Alle Gasleitungen oder andere Rohrleitungen mit einem Rohrdurchmesser von 1 Meter und mehr erfordern eine entsprechend tiefe Verlegung und damit massivere Eingriffe in die Bodenstruktur sowie Verwendung von entsprechend schweren Baumaschinen, weshalb die Beeinträchtigung oft über die eigentliche Servitutsfläche hinausgeht. Überdies können Leit- bzw. Sperreffekte und andere nicht vorhersehbare Auswirkungen im Boden auftreten. Daher werden die Bodenwertminderungsansätze in diesen Fällen mit dem Faktor 1,5 multipliziert.
Davon bestehen folgende Ausnahmen, in denen kein derartiger Korrekturfaktur zu berücksichtigen ist:
- Leitungen, bei denen die Servitutsfläche auch einen zusätzlich frei zu haltenden Arbeitsstreifen umfasst.
- Die Gesamtbreite des Servitutsstreifens überschreitet den dreizehnfachen Wert des Rohrleitungsdurchmessers.

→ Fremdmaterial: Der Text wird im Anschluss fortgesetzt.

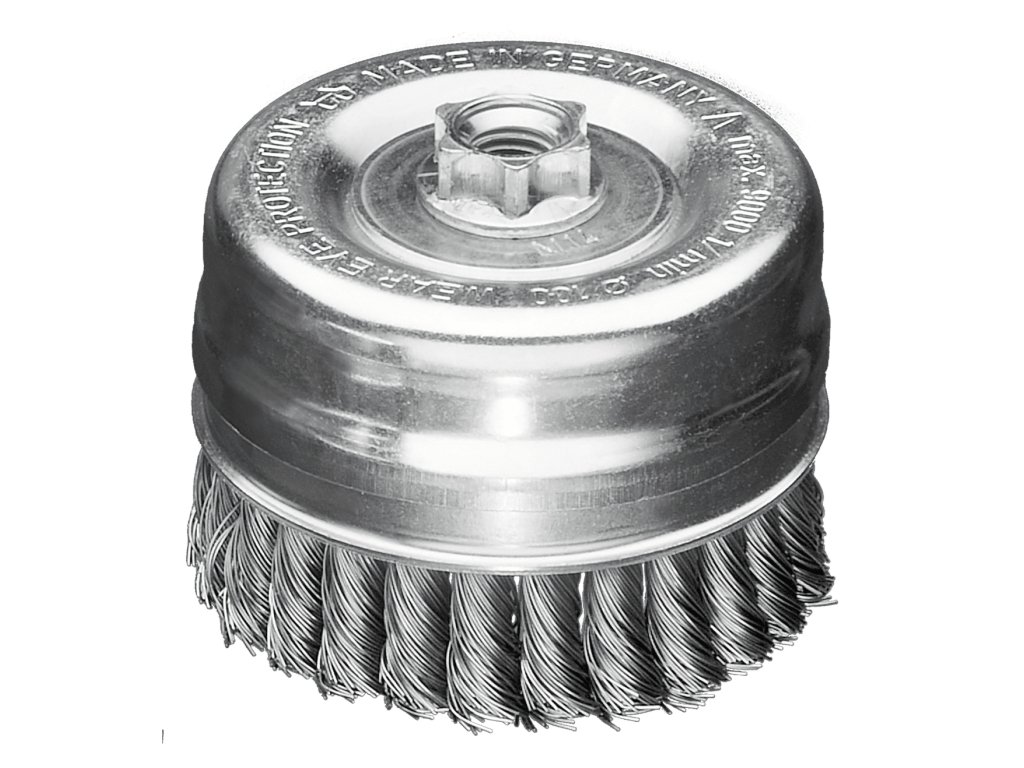 Splétané hrncové kartáče Splétané hrncové kartáče jsou ideální pro těžké opracování kartáči. k předpřípravě kovových povrchů k lakování nebo k odstranění strusky, rzi, okují a zbytků betonu. Provedení s o 80, 100 a 125 mm jsou vybaveny praktickým přítlačným kroužkem: slouží ke stabilizaci a lze jej snadno odstranit, když je spotřebován přetáčecí drát. Tím je k dispozici dalších 20mm drátu. Tip pro uživatele: Zkuste náš kartáč ø 90 mm pro malou úhlovou brusku. Ve srovnání s běžným kartáčem ø 65 mm má tento model o 50 % více drátu. STH = vysokopevný ocelový drát, rovnýDoplňkové parametry

In beiden Fällen wirkt sich eine höhere Belastung bereits durch die Ausmessung der größeren Servitutsfläche aus.
3.4.2.2. Thermische Auswirkungen auf die Leitungsumgebung
Leitungen können aufgrund technischer Erfordernisse eine wesentliche Wärme- oder Kälteabstrahlung verursachen, die zusätzliche Auswirkungen auf den Boden haben. Zu diesem Leitungstyp gehören Gashochdruckleitungen. Das bedeutet auch einen weiteren meist auch an der Oberfläche erkennbaren Mangel, der eine zusätzliche Wertminderung für das belastete Grundstück bedeutet.
Daher ist bei Leitungen, die eine wesentliche Wärme- bzw. Kälteabstrahlung an den umgebenden Boden verursachen, die Bodenwertminderung bzw. das Produkt aus Bodenwertminderung und Leitungsdurchmesser mit 1,1 zu vervielfachen.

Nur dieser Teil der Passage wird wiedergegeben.